> **ACTIVITY**:
Look below for the line holding "Asymmetric blouse with" and the line holding "On Maple Street, an". Transcribe exactly those lines and all lines between them, nothing more.

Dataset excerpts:
# # # # # # #

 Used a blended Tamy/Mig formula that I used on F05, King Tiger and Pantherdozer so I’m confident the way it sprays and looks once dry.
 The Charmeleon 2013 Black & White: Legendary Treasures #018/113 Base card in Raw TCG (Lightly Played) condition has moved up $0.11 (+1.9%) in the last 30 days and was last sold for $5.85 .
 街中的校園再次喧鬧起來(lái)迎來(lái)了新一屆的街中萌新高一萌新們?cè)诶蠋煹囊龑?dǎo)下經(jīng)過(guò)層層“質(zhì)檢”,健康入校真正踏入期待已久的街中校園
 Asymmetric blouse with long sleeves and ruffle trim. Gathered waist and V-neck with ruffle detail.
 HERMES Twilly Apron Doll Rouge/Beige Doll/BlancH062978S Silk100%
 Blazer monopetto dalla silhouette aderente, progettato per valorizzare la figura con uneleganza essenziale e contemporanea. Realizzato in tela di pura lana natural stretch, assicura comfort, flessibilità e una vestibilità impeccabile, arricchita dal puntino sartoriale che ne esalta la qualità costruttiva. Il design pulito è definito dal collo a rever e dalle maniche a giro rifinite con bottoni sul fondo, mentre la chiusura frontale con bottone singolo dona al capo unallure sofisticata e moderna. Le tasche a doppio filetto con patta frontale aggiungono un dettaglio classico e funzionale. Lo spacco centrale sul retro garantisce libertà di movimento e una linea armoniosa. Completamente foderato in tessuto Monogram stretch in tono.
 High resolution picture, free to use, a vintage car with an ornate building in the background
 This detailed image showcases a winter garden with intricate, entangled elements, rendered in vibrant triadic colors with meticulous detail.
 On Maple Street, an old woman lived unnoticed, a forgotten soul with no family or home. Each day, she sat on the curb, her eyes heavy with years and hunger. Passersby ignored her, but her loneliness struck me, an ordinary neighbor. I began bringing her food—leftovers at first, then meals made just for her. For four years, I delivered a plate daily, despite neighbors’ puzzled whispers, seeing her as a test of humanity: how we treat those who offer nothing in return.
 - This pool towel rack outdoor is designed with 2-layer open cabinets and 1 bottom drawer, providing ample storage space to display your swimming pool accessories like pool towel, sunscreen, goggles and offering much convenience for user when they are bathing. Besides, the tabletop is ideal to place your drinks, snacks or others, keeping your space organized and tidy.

# # # # # # #

> **TASK RESULT**:
 Asymmetric blouse with long sleeves and ruffle trim. Gathered waist and V-neck with ruffle detail.
 HERMES Twilly Apron Doll Rouge/Beige Doll/BlancH062978S Silk100%
 Blazer monopetto dalla silhouette aderente, progettato per valorizzare la figura con uneleganza essenziale e contemporanea. Realizzato in tela di pura lana natural stretch, assicura comfort, flessibilità e una vestibilità impeccabile, arricchita dal puntino sartoriale che ne esalta la qualità costruttiva. Il design pulito è definito dal collo a rever e dalle maniche a giro rifinite con bottoni sul fondo, mentre la chiusura frontale con bottone singolo dona al capo unallure sofisticata e moderna. Le tasche a doppio filetto con patta frontale aggiungono un dettaglio classico e funzionale. Lo spacco centrale sul retro garantisce libertà di movimento e una linea armoniosa. Completamente foderato in tessuto Monogram stretch in tono.
 High resolution picture, free to use, a vintage car with an ornate building in the background
 This detailed image showcases a winter garden with intricate, entangled elements, rendered in vibrant triadic colors with meticulous detail.
 On Maple Street, an old woman lived unnoticed, a forgotten soul with no family or home. Each day, she sat on the curb, her eyes heavy with years and hunger. Passersby ignored her, but her loneliness struck me, an ordinary neighbor. I began bringing her food—leftovers at first, then meals made just for her. For four years, I delivered a plate daily, despite neighbors’ puzzled whispers, seeing her as a test of humanity: how we treat those who offer nothing in return.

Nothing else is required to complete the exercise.